* [Directions for this task]
Apart from the images, repeat the data below exactly as written.

* [Given information]

Segment Open

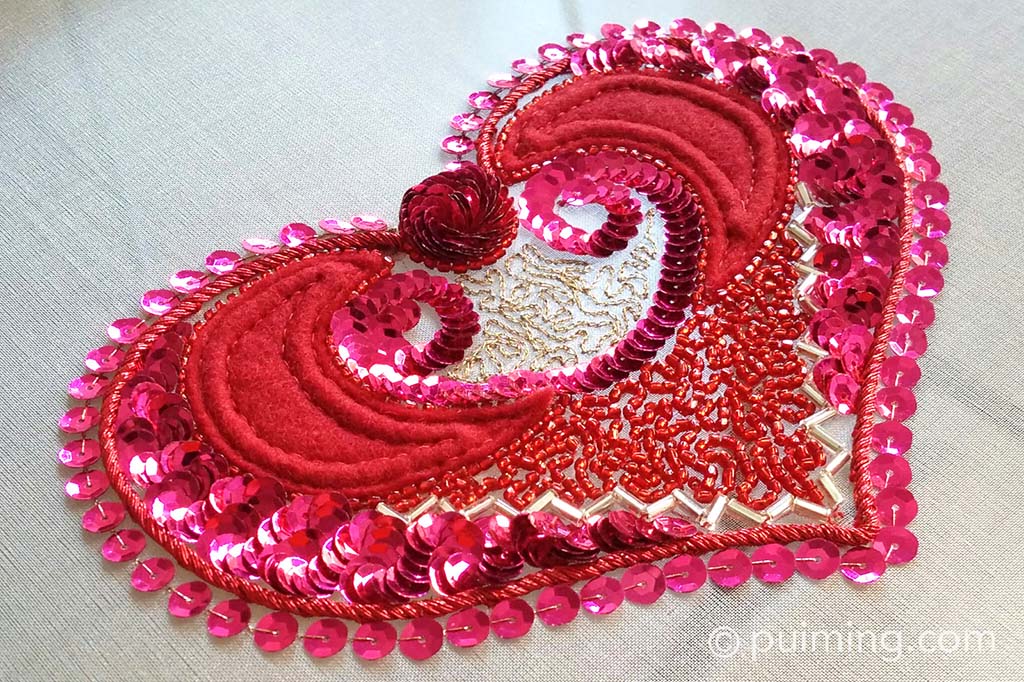 This glamorous heart is my first completed piece in learning haute couture embroidery with Elisabeth Gasbarre, an amazing teacher and woman whom I feel so grateful to have met. The feeling of stitching with a Lunéville hook on transparent silk organza is incredible.
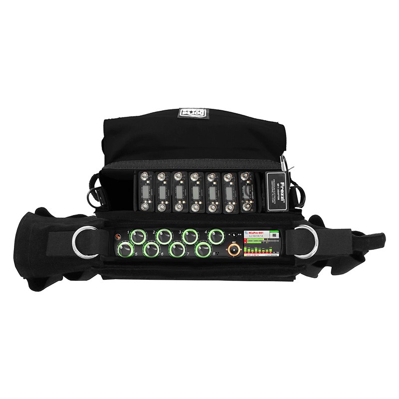 There is a wireless transmitter pocket on each side of the case and MOLLE (Modular Lightweight Load-carrying Equipment) strips along the front of the case to allow for more transmitters to be clipped (4 total). It comes with the HB-15 Comfortable Nylon Shoulder Strap.
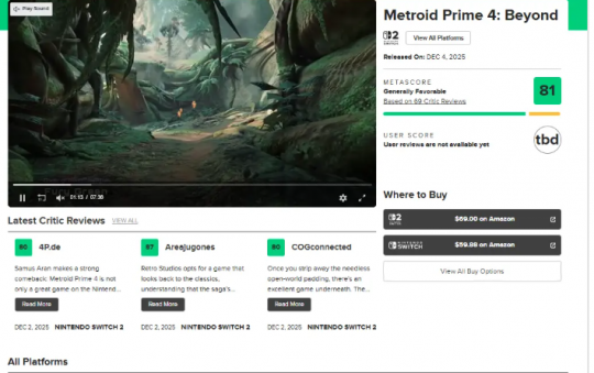 《密特罗德究极4》M站均分81系列的特色顶点之作
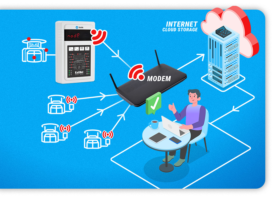KnitVision seamlessly connects with KnitNet, sending all defect logs and machine stop events to the cloud.

Segment Closed

* [Expected output]
 This glamorous heart is my first completed piece in learning haute couture embroidery with Elisabeth Gasbarre, an amazing teacher and woman whom I feel so grateful to have met. The feeling of stitching with a Lunéville hook on transparent silk organza is incredible.
 There is a wireless transmitter pocket on each side of the case and MOLLE (Modular Lightweight Load-carrying Equipment) strips along the front of the case to allow for more transmitters to be clipped (4 total). It comes with the HB-15 Comfortable Nylon Shoulder Strap.
 《密特罗德究极4》M站均分81系列的特色顶点之作
KnitVision seamlessly connects with KnitNet, sending all defect logs and machine stop events to the cloud.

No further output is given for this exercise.